For the rest of the evening he doesn’t look at her. And she, now without purpose or reason for being, can’t hear the sound of her footsteps, can’t see neon lights, can’t hear rock ’n’ roll music blaring from loudspeakers. Her heart drains from her body. All she is left with is that taste in her treacherous, treacherous mouth.
On Saturday night I lie rigid in the back seat of the car at the drivein movie. There are no neon lights, no whirling rides.

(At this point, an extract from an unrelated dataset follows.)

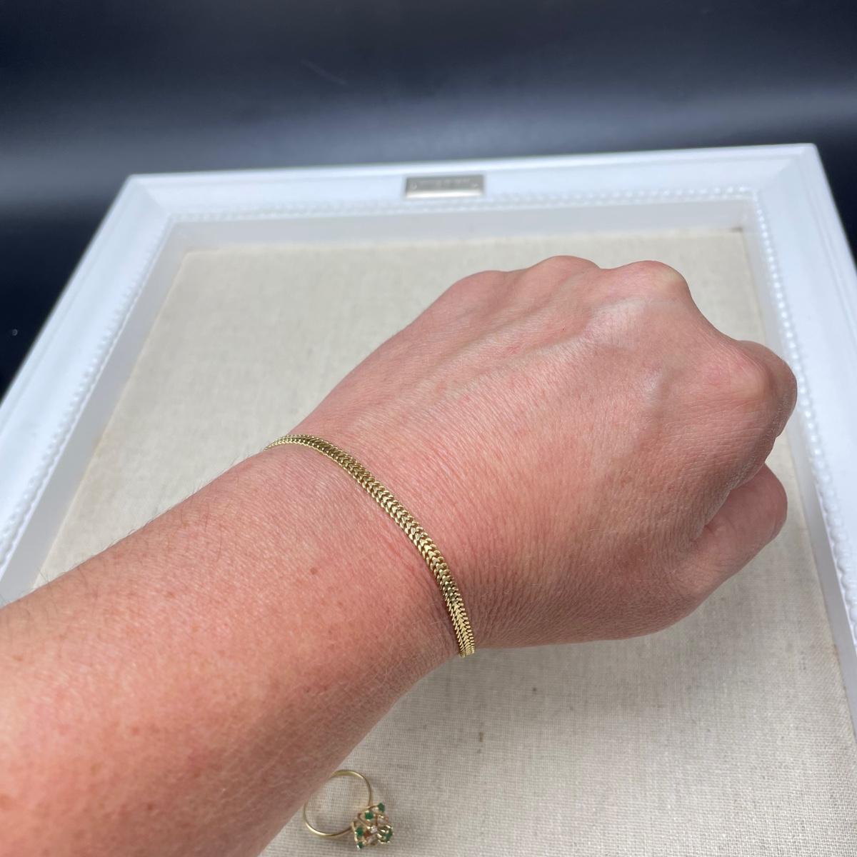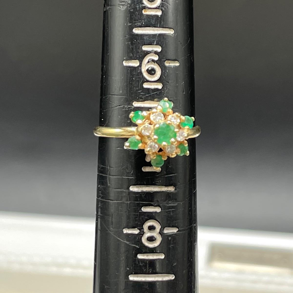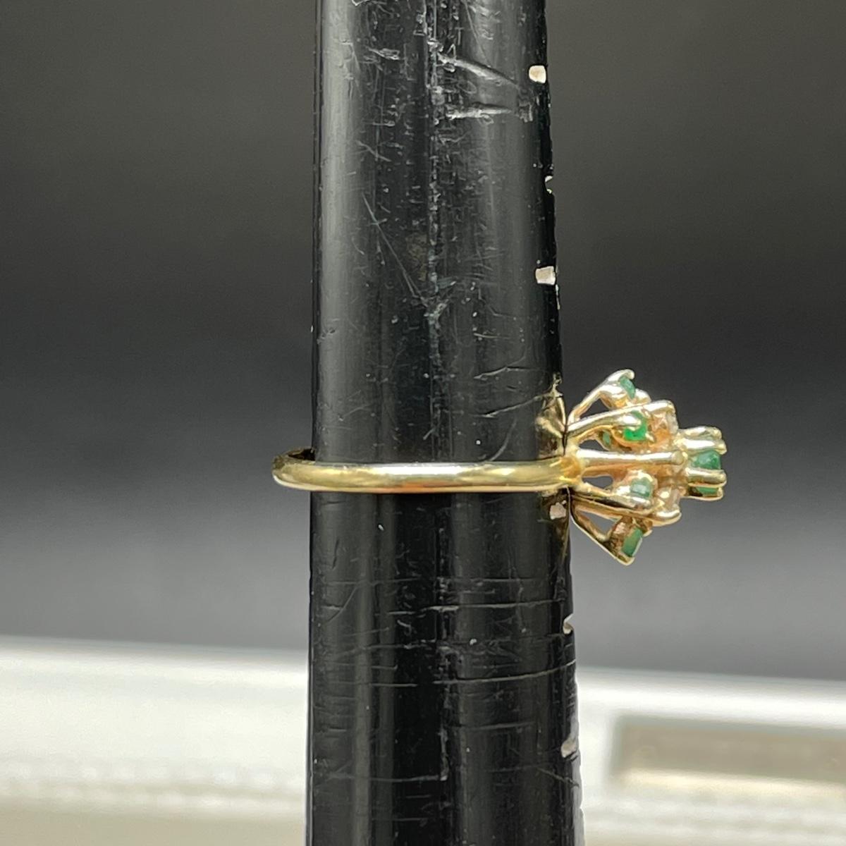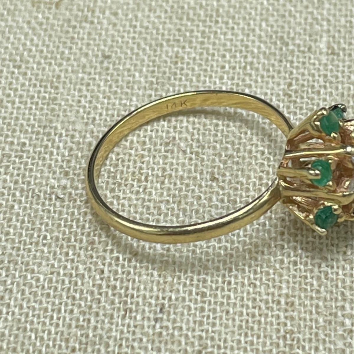 Ring with emerald-like gems marked 14K and a unique link bracelet marked 585. Bracelet is 7.25” long. See images. Shipping available.

Celeste is not with Ryan, I am, and while I know what she can do and how she does it, I am exhausted and confused with his hand under my dress, exhausted with his mouth kissing mine, exhausted by the sound of his heart slamming. I want it to stop. He’s furious I won’t touch his penis. Furious I won’t allow it in my mouth. Furious he’s spent this money to take me to the movies. When I am finally exhausted with his fury, I put his own fury in my mouth. And then, when it is over, we can stop.
Our family is to drive to Londonderry, Vermont, for a two-week vacation. As we pack up the car to leave, my father is in a rage. He can’t arrange the suitcases the way he wants—we have brought too much—and he arranges and rearranges the trunk while screaming at us. My sister, my mother, and I stand in the garage watching him slam suitcases. Once, my mother tells him to quiet down or the neighbors will hear, but her reprimand detonates an explosion of sound. I could stop his abuse, I know it. I know how to soften it, but he doesn’t even glance at me. I lean against the cool cement wall of the garage, waiting for this trip to begin. But of course it has begun. All our trips begin in rage, and all the way to Vermont I feel it.